The specification for the project was written and sent to several scanning companies for a competitive tender evaluated with a 70:30 weighting on price. Genus won the tender and secured the project.
The materials were boxed up and collected by Genus and the digitisation was carried out as directed in the specification using their Goobi workflow management system and their specialised book scanners in their facility in Nuneaton.
Geoff Laycock visited the production site several times to spot check the digtisation process and oversee the creation of the data. At the end of the project SDE quality checked all the data before delivery to the Foyle family to ensure that it was correct and that all content has been captured. No issues were found.

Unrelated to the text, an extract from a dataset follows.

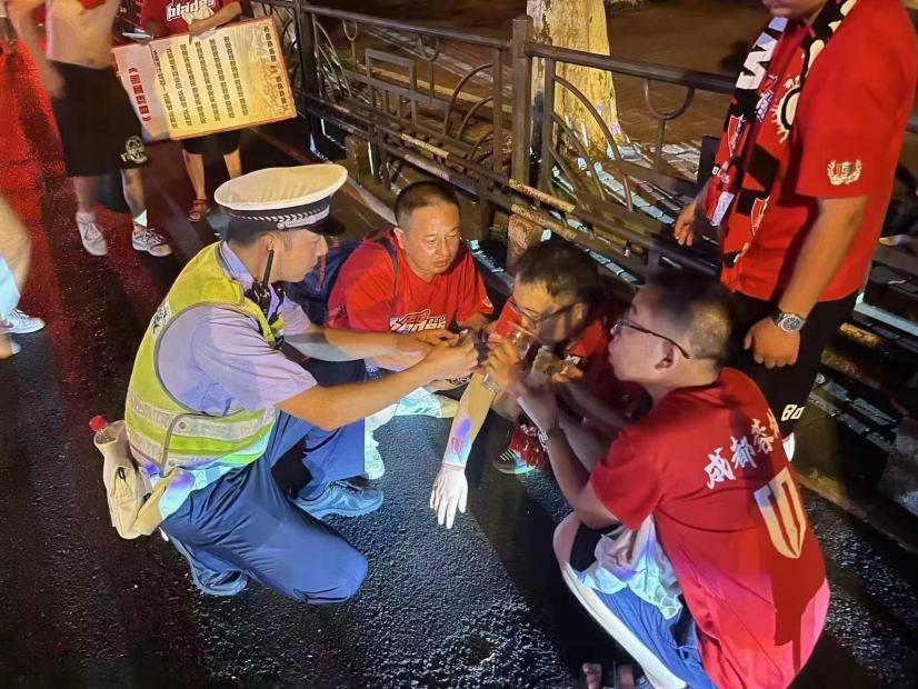 當晚23時20分許,比賽結(jié)束后,樂山市公安局交警支隊直屬一大隊牛咡橋中隊交警馬濤和王飛仍堅守在市中區(qū)新廣場執(zhí)勤點巡邏執(zhí)勤,發(fā)現(xiàn)一名剛剛從擺渡車上下來的球迷突然摔倒在地。

The final data (both the high-resolution preservation images and the PDF access copies) were written to several hard drives and delivered to the family members. The original materials were delivered to a secure storage facility.
Why The Foyles Archive Chose Scan Data Experts
Christopher Foyle began the process of investigating digitisation options for the archive in 2019 and had several conversations with universities and potential scanning services suppliers. As part of those conversations SDE was recommended as consultants that could frame his requirements in such a way that scanning suppliers could provide reliable costs for the digitisation of the collection.
After some initial conversations, Mr Foyle asked SDE to provide a quotation for consultancy services. The quotation was to assess the collection condition, generate a detailed inventory and then produce a digitisation specification which could be used to secure scanning quotations from various suppliers. The quotation also extended to managing the selection of the scanning supplier, managing the project and checking the resulting data for accuracy.
SDE was commissioned to work on the project on that basis.